Natural Language Laboratory
School of Computing Science
Simon Fraser University

Our recent progress about the Undeciphered Proto-Elamite Script

08 Jun 2021

This week, Logan will discuss parts of his upcoming publication in Findings of ACL 2021, as well as his submission to EMNLP 2021.

Our recent progress about the Undeciphered Proto-Elamite Script

Abstract: Compositionality of Complex Graphemes in the Undeciphered Proto-Elamite Script using Image and Text Embedding Models

We introduce a language modeling architecture which operates over sequences of images, or over multimodal sequences of images with associated labels. We use this architecture alongside other embedding models to investigate a category of signs called complex graphemes (CGs) in the undeciphered proto-Elamite script. We argue that CGs have meanings which are at least partly compositional, and we discover novel rules governing the construction of CGs. We find that a language model over sign images produces more interpretable results than a model over text or over sign images and text, which suggests that the names given to signs may be obscuring signals in the corpus. Our results reveal previously unknown regularities in proto-Elamite sign use that can inform future decipherment efforts, and our image-aware language model provides a novel way to abstract away from biases introduced by human annotators.

Creating a Signlist from Sign Images in an Undeciphered Script using Deep Clustering

We propose an architecture for revising transliterations of an undeciphered script by clustering sign images from that script.
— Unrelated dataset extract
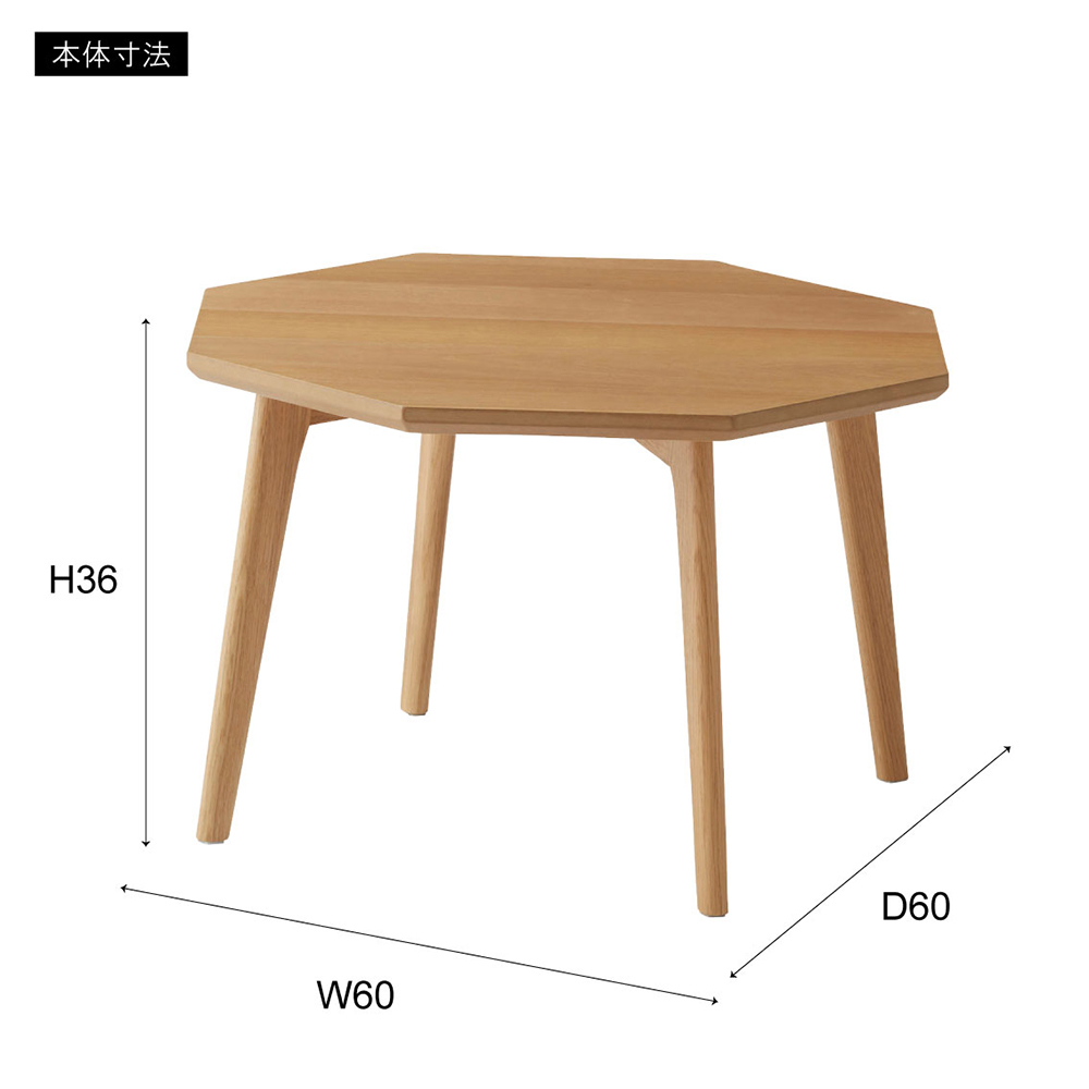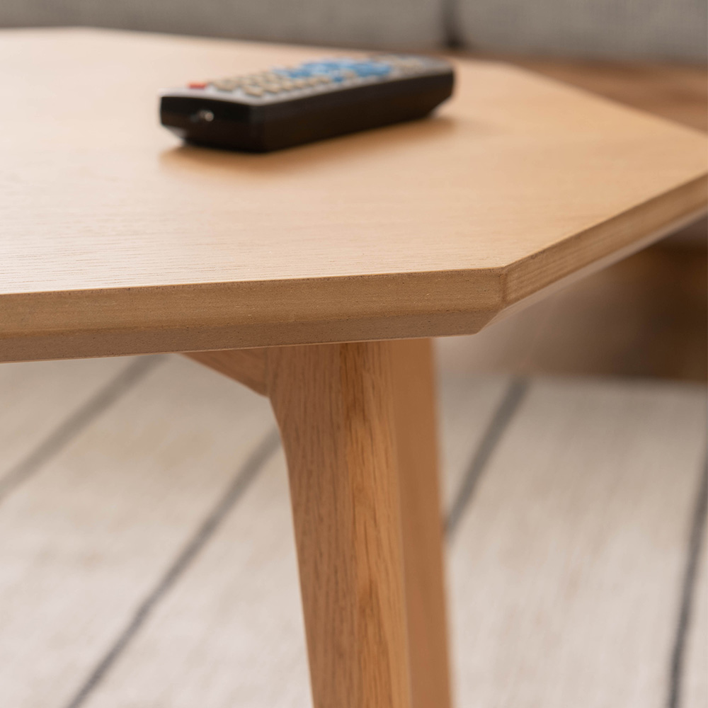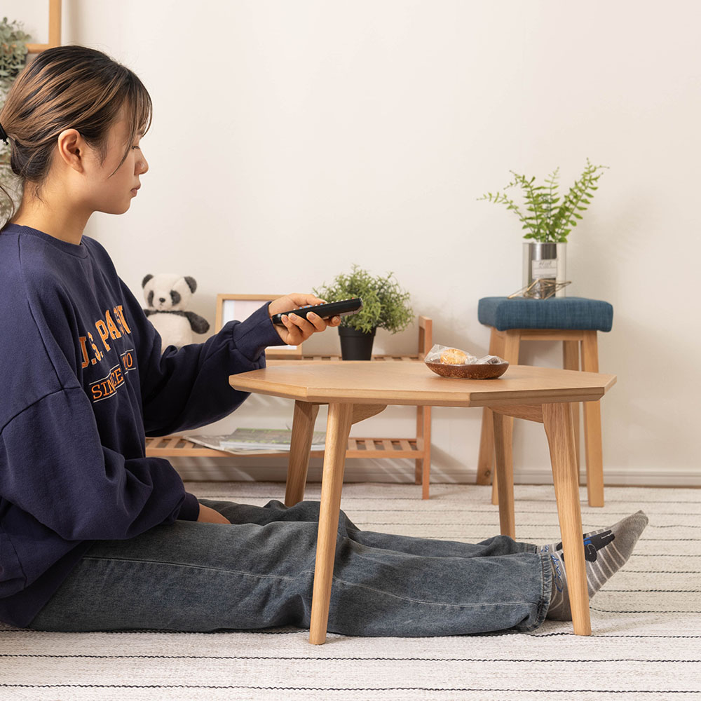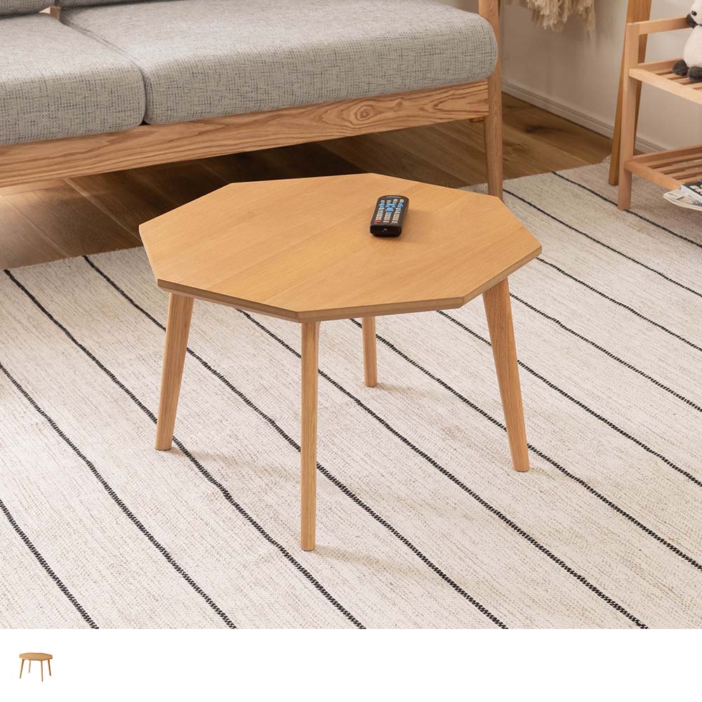 ホワイトオークの美しい木目が映える、八角形のローテーブル。

The clustering is optimized on a multi-part objective that includes unsupervised tasks such as entropy of the sign labels, visual similarity between signs and partial supervision that exploits existing transliterations for language modeling. This allows us to learn revised labelings for an undeciphered script which may be difficult for human annotators to transliterate since distinctions between signs may be relevant or irrelevant based on contextual information spread across the entire corpus. By automating this process we obtain a simplified signlist which we find to give better results than the existing transliterations on downstream tasks.

Tuesday, June 8th, 09:30 a.m.